Search code examples
rdataframefor-loopuniquekernel-density

Extract density estimation for different groups


I have a data frame (df) that looks like this:

> summary(df)
   Occurence        Group          
 Min.   :0.001   Length:7990       
 1st Qu.:0.028   Class :character  
 Median :0.160   Mode  :character  
 Mean   :0.195                     
 3rd Qu.:0.307                     
 Max.   :0.600                     
 NA's   :5473

> unique(df$Group)
 [1] "fa20,0"   "sa20,0"   "fa05,0"   "sa10,0"   "flatsa,0" "flatfa,0" "fa10,0"   "sa05,0"   "flatsa,1" "fa10,1"   "fa05,1"   "sa20,1"   "flatfa,1" "fa20,1"   "sa10,1"   "sa05,1" 

I am trying to get a kernel density estimation of occurence by each unique Group witht he density() function. I am able to do it one group at a time:

> flatsa <- density(c(as.numeric(ag04_pattern_long$Occurence[ag04_pattern_long$Group == "flatsa,0"])), na.rm=T)

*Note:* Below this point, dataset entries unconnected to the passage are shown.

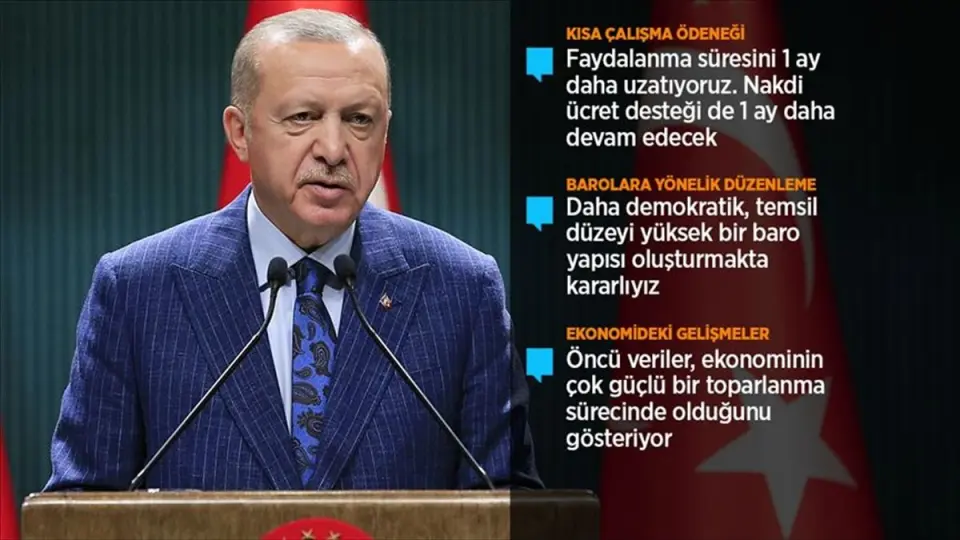Cumhurbaşkanı Erdoğan, "Kısa Çalışma Ödeneği'nden faydalanma süresini 1 ay daha uzatıyoruz. Bununla bağlantılı, nakdi ücret desteği de 1 ay daha devam edecek. Bununla bağlantılı olarak iş feshi sınırlaması ve dolayısıyla nakdi ücret desteği de 1 ay daha devam edecektir." diye konuştu.
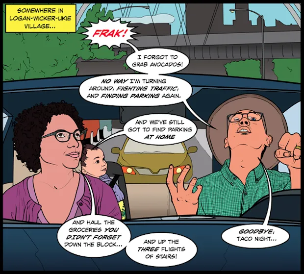 一个漫画面板显示芝加哥爸爸在回家的路上被堵在交通中。他意识到自己忘记买鳄梨了。真糟糕! 这下塔可晚餐泡汤了。但当霍姆伍德爸爸想起鳄梨时,他可以跳上车,几分钟内就能回到商店。塔可晚餐得救了。
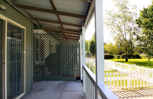 The studio is a renovated cabin with an open plan living/ dining/ kitchenette/ bedroom space with a Queen bed with linen and bed making included. The kitchenette has a microwave and bar fridge and the living area provides a split system air conditioner, Smart Tv and unlimited Wi-Fi. There is also a stylish bathroom with a rainwater shower head in the shower, vanity, and toilet and access to the shared laundry facilities with a top loader washing machine and dryer, and a fully enclosed yard backing onto the horse paddocks. Off-street parking is available for one vehicle per cabin.
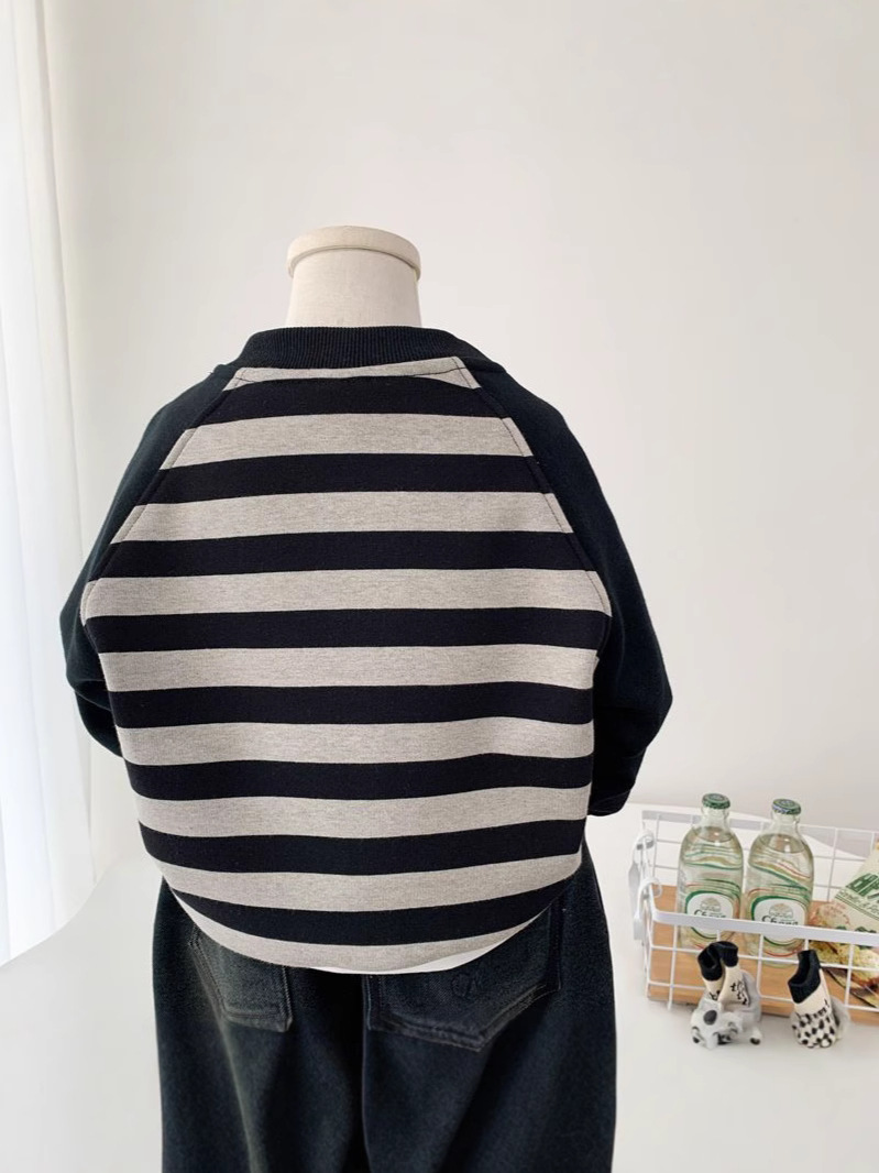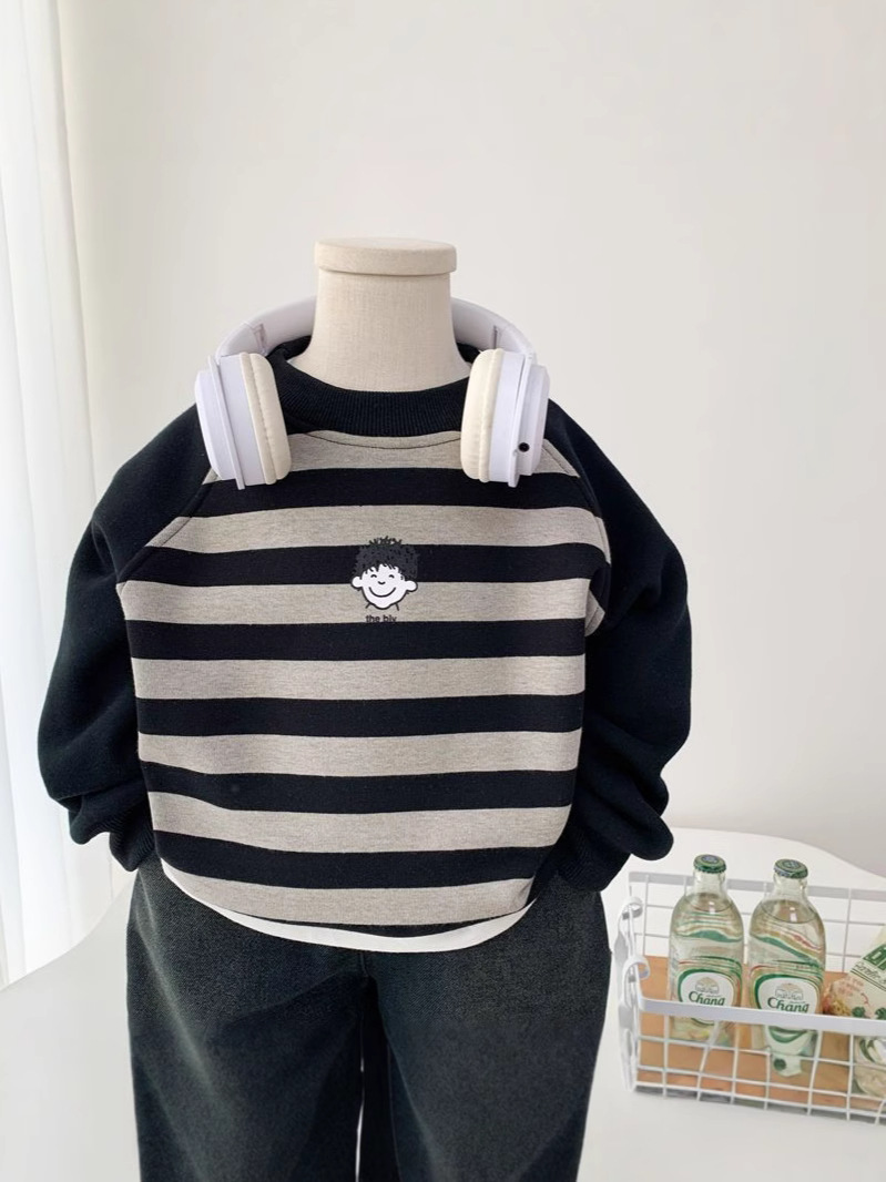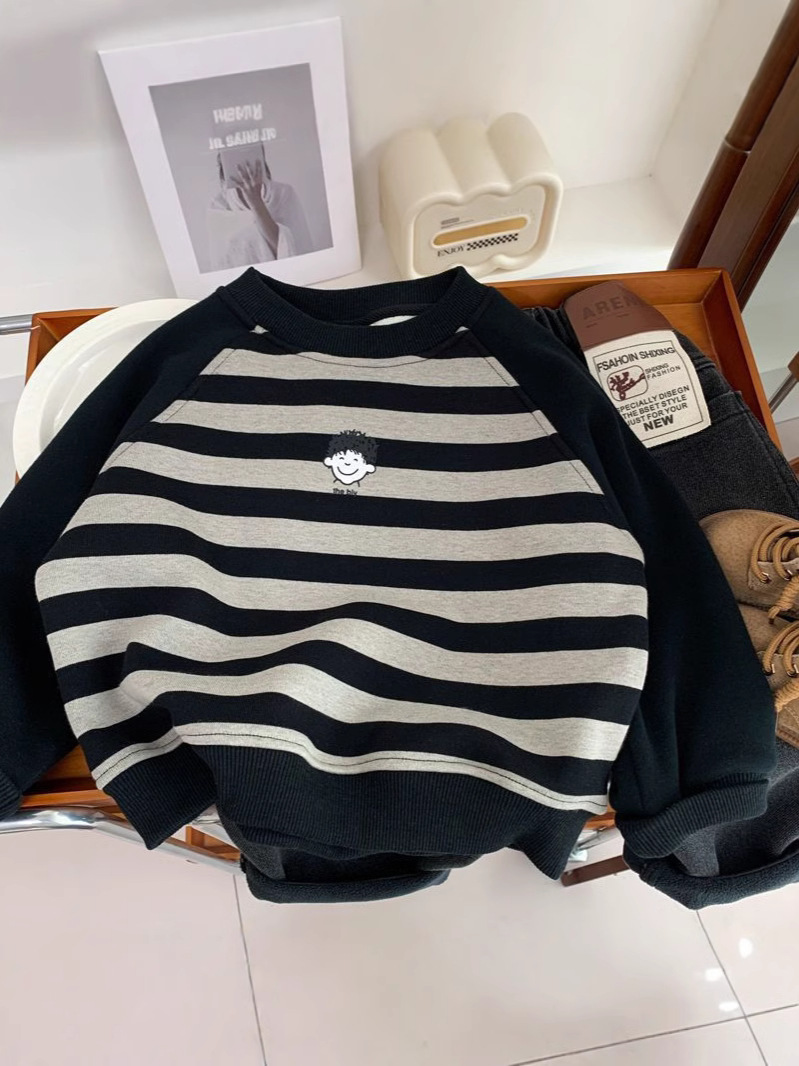 Boys' striped fleece-lined sweater 2025 new autumn and winter men's baby color matching Korean casual versatile pullover sweater

> flatsa_df2 <- enframe(flatsa$x, value = "X") %>%
+     add_column(Y=flatsa$y) %>%
+     add_column(Group = "flatsa,0") %>%
+     select(-name)

Which produces this output for flatsa_df2:

# A tibble: 512 x 3
        X       Y Group   
    <dbl>   <dbl> <chr>   
 1 -0.168 0.00317 flatsa,0
 2 -0.166 0.00351 flatsa,0
 3 -0.164 0.00387 flatsa,0
 4 -0.162 0.00427 flatsa,0
 5 -0.161 0.00471 flatsa,0
 6 -0.159 0.00519 flatsa,0
 7 -0.157 0.00570 flatsa,0
 8 -0.155 0.00628 flatsa,0
 9 -0.153 0.00689 flatsa,0
10 -0.151 0.00755 flatsa,0
# ... with 502 more rows

How can I do this for all 16 unique elements in df$Group at once? Ideally they will all go into one single dataframe. I have tried:

dens_table <- setDT(ag04_pattern_long)[, .(dens=density(ag04_pattern_long$Occurence, na.rm=T)), by = Group]

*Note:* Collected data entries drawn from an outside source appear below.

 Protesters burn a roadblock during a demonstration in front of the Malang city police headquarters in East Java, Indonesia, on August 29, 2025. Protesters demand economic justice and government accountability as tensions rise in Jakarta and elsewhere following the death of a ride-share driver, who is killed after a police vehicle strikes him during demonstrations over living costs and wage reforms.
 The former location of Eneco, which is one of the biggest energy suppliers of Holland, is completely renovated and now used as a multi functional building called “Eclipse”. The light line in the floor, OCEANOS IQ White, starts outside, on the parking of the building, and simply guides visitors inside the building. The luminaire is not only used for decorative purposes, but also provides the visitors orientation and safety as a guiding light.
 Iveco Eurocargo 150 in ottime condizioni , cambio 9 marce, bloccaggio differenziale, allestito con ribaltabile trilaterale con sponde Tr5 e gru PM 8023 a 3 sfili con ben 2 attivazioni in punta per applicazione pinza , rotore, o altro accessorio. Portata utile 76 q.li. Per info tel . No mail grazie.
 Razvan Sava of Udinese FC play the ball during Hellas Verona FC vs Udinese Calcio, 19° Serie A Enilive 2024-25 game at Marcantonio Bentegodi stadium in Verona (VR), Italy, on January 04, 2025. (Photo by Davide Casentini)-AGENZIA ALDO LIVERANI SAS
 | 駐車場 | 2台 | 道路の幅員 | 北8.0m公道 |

for(i in length(unique(ag04_pattern_long$Group))){
  dens_table <- density(c(as.numeric(ag04_pattern_long$Occurence[i], na.rm=T)))
}

But none of those produce the correct output. The loops gives me an error, saying that it needs "at least 2 points to select a bandwidth". I think this indicates that it does not take all df$Occurence values for each unique(df$Group) into account .

Help!


Solution

  • Here's a base R method:

    occur_list = split(df$Occurrence, df$Group)
    est_list = lapply(df_list, function(x) {
      data.frame(density(x, na.rm=T)[c("x", "y")])
    })
    results = do.call(rbind, est_list)
    results$Group = rep(names(occur_list), each = sapply(est_list, nrow))
    

    We could also use a for loop, adapting your attempt:

    results = list()
    for(i in unique(ag04_pattern_long$Group)){
      results[[i]] <- data.frame(density(ag04_pattern_long$Occurence[ag0f_pattern_long$Group == i], na.rm = T)[c("x", "y")])
      results[[i]]$Group = i
    }
    results = do.call(rbind, results)
    

    Or using dplyr:

    df %>% 
      nest_by(Group) %>%
      mutate(dens = list(data.frame(density(data$Occurrence)[c("x", "y")]))) %>%
      select(-data) %>%
      unnest(cols = dens)
    

    In all cases I've removed the c(as.numeric()) from inside the loop. Make sure the entire Occurrence column is numeric before looping - that is better than converting each piece of the column inside the loop.